Despite a second consecutive quarter of revenue decline, earnings are better than expectedApple’s iPhone shipments bounced back from supply chain disruptions in the holiday period, though revenue still declined year on year for the second quarter in a row due to what the company described as a “tougher” economic environment and currency headwinds.
Luca Maestri, Apple’s chief financial officer, said that Apple saw “significant acceleration of iPhone revenues from December to February”. Sales of the iPhone, which made up 54 percent of Apple’s total revenue in the first quarter, increased by 2 percent to $51.3bn. This was ahead of expectations of $48.9bn.
Investors were relieved to see the increase in sales after a outbreak at Foxconn’s “iPhone City”, which had halted production in November.
Tim Cook, the chief executive of Apple, said that Apple has made it through this “parade of horribles”. . . Between the pandemic, the shortage of chips and macroeconomic factors”. He continued: “The supply chains have been resilient, and we feel great about where we are and our plans.”
Total revenues dropped by 2.5 percent year-on-year to $94.8bn for the three months ending March.
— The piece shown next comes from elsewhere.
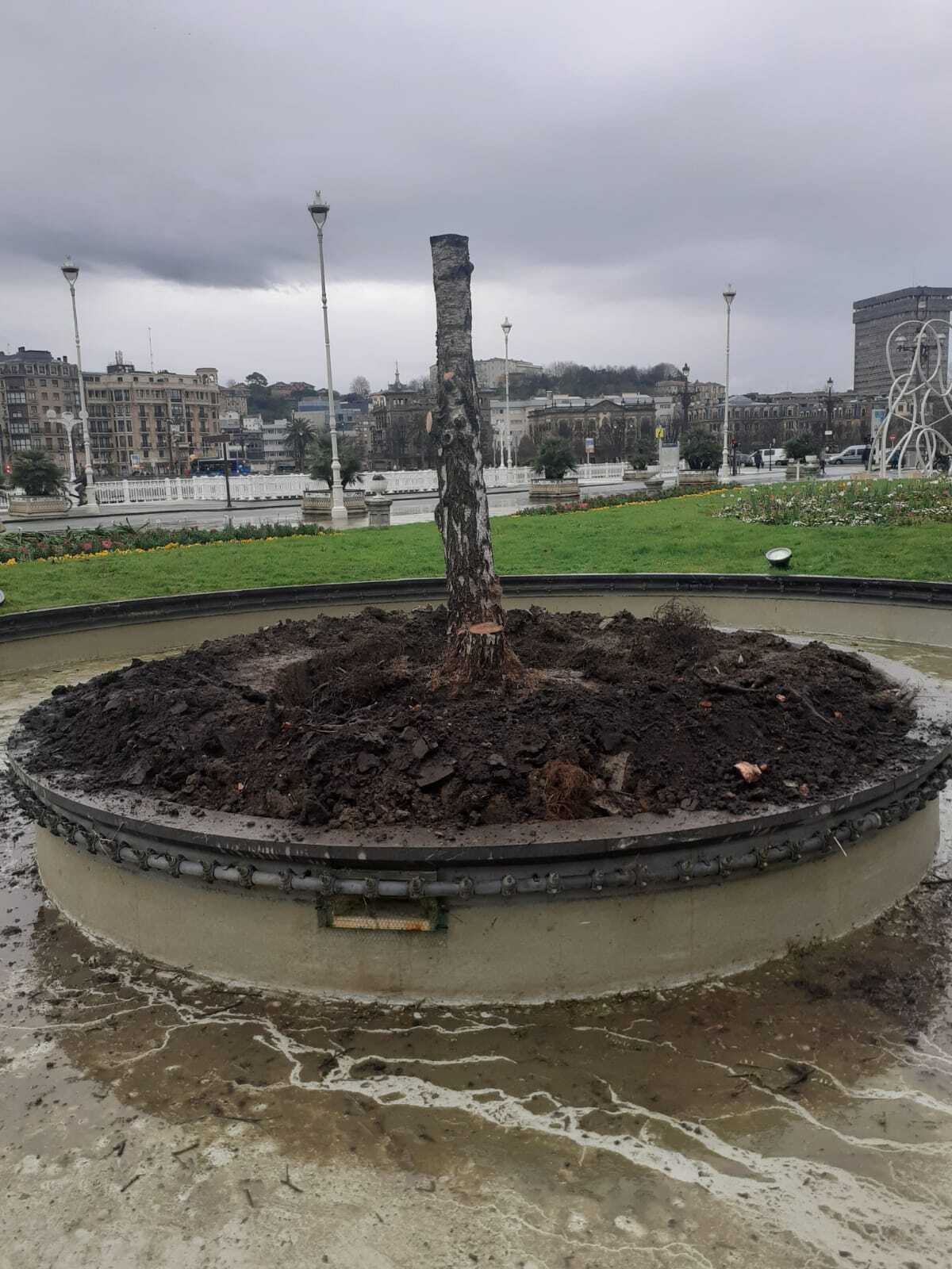 Respecto a la situación del abedul, ha subrayado que «fue plantado durante el proceso de ampliación del parking de Okendo» y «estaba desde hace tiempo completamente seco». Será sustituido por un cornejo.

This was due to sharp drops in Mac computer and iPad sales. Net profits fell by 3.4 percent to $24.2bn. According to Refinitiv, analysts had forecast $93bn of revenue and $22.6bn of net profits.
Maestri attributed the 5.4 percent revenue drop to “significant headwinds” in foreign exchange. He said that revenues would have increased by 3 percent in constant currency.
Asia, excluding China, Japan and Korea, showed the most growth, with revenues increasing by 15.3 percent to $8.1bn. Cook reported that the group’s revenues had reached record levels in Mexico, Indonesia and Turkey.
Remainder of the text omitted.